HX-MS reveals regions of PNKP FHA and phosphatase domain are protected by pXRCC4–LigIV. (A) Left panel, Woods plot of HX-MS PNKP peptide protection data in which peptides that are significantly protected in complex with pXRCC4–LigIV (Delta value < –1.4) are colored blue while those that show significantly enhanced exchange in the complex (Delta value > 1.4) are colored red. Right panel, overview of the PNKP structure with peptides showing significant protection colored blue. The phosphatase and kinase active sites are colored yellow (PDB ID: 1YJ5). (B) View of protected peptides within the FHA domain. The CK2-phosphorylated peptide from XRCC4 is coloured green (PDB ID: 1YJM). (C) View of the protected peptide within the PNKP phosphatase domain.

Figure 5.

PNKP E326K is competent to bind pXRCC4–LigIV. One mole equivalent PNKP (wt or E326K) was mixed with one mole equivalent of XRCC4–LigIV complex (+/– phosphorylation) and separated by Superdex 200 analytical gel filtration chromatography as in Figure 1B.

Figure 6.

E326K mutation abrogates recruitment of PNKP to sites of DNA damage. (A) U2OS cells were transiently transfected with EGFP–PNKP–wt (circles), EGFP–PNKP–R35A (triangles) or EGFP–PNKP–E326K (squares).

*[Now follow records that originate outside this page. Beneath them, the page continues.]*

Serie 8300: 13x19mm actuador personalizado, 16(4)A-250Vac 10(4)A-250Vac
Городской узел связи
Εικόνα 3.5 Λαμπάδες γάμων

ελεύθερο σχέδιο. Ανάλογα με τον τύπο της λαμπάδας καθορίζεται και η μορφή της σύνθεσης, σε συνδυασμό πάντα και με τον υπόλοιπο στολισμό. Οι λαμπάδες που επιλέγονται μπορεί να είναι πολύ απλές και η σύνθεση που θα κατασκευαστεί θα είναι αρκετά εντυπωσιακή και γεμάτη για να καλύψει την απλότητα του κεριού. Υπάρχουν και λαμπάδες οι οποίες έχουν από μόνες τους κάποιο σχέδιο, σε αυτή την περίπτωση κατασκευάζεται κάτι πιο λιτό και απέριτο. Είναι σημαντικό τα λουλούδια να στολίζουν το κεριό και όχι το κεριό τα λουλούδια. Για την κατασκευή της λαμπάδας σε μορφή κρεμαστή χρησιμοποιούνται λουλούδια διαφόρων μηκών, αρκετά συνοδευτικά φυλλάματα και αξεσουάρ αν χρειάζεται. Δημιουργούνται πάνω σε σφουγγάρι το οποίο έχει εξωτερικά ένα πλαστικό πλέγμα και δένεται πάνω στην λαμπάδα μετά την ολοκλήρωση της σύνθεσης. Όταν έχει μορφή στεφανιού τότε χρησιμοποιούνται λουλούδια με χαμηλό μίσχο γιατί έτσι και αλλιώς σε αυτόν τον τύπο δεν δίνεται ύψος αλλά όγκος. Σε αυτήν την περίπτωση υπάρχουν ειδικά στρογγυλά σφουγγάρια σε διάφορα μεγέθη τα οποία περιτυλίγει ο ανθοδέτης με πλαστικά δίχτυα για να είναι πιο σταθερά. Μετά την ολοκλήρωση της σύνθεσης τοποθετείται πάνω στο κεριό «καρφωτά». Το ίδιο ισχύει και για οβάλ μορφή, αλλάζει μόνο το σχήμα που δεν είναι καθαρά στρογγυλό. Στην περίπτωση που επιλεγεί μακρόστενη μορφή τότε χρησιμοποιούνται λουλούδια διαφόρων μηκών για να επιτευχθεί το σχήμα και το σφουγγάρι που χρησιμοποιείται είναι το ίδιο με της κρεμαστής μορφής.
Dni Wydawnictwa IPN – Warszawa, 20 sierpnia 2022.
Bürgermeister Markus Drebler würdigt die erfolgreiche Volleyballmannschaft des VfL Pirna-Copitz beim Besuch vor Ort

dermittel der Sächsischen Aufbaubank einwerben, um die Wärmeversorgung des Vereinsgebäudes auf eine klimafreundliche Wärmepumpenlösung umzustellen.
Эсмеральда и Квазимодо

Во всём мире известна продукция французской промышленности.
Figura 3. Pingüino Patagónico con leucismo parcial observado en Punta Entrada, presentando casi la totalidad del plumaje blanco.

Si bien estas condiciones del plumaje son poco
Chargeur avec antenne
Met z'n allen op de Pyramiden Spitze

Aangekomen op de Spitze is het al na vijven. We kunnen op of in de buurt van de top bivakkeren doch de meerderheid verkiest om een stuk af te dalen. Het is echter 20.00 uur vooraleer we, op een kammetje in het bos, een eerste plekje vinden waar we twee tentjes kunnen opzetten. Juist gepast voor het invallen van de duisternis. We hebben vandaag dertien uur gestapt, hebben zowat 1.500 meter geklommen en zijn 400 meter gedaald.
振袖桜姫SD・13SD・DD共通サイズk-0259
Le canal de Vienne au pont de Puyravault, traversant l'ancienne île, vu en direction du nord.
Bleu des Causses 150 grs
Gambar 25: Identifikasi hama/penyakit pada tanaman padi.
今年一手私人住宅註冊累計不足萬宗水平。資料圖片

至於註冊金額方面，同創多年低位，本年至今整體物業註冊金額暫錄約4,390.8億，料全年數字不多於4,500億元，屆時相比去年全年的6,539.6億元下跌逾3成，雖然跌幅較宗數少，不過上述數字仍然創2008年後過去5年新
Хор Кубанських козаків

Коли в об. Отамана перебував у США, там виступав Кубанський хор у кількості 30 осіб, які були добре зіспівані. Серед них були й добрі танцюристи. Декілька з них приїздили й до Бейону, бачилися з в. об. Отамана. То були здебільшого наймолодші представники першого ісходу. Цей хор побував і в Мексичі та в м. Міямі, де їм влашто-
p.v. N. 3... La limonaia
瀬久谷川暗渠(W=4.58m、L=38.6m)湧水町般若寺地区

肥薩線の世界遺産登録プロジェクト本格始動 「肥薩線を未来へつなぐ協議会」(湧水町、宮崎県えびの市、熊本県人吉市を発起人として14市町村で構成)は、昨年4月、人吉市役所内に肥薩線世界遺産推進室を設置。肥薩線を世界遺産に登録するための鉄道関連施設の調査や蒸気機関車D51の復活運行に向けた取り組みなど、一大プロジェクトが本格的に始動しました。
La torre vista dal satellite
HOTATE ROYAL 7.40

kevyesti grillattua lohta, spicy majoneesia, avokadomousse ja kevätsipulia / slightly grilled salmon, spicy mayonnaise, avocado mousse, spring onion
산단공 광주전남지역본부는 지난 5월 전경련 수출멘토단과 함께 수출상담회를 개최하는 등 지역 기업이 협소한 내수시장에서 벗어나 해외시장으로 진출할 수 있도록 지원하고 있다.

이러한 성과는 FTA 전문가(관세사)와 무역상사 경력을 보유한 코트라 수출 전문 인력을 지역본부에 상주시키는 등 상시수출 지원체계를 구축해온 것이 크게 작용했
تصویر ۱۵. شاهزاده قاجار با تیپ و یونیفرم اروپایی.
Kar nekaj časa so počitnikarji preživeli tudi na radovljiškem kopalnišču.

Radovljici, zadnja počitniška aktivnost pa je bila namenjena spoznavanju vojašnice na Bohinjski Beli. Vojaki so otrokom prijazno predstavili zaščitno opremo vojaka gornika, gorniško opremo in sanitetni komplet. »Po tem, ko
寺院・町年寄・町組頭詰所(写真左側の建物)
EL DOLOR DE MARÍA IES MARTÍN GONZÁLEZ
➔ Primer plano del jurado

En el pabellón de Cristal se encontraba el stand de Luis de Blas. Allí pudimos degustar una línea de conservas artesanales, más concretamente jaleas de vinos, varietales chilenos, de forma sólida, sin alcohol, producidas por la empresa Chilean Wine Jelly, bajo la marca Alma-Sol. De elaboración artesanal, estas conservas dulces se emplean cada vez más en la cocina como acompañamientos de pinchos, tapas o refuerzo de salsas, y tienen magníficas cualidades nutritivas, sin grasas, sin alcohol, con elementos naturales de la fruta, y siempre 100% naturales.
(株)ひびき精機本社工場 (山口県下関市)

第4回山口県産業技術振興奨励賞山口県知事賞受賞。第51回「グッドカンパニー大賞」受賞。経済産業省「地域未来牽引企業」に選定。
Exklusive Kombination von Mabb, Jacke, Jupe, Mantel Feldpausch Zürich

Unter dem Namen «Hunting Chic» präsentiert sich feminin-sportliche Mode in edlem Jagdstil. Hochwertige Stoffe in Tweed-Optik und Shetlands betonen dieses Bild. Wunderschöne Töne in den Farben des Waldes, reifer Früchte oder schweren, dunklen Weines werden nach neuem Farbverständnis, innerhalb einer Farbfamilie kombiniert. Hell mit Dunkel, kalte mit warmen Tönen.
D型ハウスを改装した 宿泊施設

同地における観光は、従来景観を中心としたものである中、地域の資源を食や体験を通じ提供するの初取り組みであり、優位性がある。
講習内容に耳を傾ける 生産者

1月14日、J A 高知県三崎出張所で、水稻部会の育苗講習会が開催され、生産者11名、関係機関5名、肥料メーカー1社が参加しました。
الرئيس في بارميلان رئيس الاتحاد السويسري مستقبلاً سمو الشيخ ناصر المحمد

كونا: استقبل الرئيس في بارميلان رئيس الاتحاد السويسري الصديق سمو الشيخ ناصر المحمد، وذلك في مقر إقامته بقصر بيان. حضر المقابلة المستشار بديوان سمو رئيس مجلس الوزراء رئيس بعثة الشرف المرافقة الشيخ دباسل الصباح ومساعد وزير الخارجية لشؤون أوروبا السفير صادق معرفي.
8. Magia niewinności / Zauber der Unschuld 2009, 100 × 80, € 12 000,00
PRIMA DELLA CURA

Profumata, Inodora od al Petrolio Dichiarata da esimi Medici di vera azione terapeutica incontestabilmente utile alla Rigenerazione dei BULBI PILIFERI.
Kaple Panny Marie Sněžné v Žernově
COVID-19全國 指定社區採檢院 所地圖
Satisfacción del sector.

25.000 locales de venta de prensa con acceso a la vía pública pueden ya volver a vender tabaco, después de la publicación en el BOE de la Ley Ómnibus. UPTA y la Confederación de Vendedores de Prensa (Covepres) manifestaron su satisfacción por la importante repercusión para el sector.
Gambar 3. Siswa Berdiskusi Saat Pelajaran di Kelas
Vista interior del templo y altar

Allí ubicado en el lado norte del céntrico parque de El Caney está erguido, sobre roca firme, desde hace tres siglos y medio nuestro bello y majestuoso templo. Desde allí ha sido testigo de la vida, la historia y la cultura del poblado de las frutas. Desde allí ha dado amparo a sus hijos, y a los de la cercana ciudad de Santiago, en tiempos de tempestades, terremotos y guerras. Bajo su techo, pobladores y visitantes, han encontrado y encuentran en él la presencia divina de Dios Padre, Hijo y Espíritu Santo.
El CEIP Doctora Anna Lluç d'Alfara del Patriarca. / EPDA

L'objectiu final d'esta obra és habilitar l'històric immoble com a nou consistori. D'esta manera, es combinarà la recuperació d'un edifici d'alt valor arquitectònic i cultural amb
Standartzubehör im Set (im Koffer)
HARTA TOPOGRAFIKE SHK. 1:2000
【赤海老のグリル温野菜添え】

Laser tracks were introduced after BrdU sensitization and the relative fluorescence determined at 30-s intervals. The means of 30 cells with standard error of the mean at each time point is shown. All data points for EGFP–PNKP–R35A and EGFP–PNKP–E326K were statistically significant (P < 0.05) with respect to EGFP–PNKP–wt. (B) Representative images of laser tracks in cells expressing EGFP–PNKP–wt, EGFP–PNKP–R35A and EGFP–PNKP–E326K. The images show GFP-tagged proteins expressed in the nuclei of individual cells. See Supplementary Figure S5 for an expanded view.

Figure 7.

E326K mutation reduces the interaction of PNKP with XRCC4. U2OS cells were transfected with EGFP–PNKP–wt, R35A or E326K and after 24 h, either unirradiated (–) or irradiated at 10 Gy and harvested after 1 h. PNKP was immunoprecipitated using anti-GFP antibody and immunoprecipitates were probed with antibodies to GFP (GFP-PNKP) or XRCC4 as shown. The doublets in blots of XRCC4 are likely due to phosphorylation as shown previously (48) and data not shown. The experiment shown is representative of three separate experiments.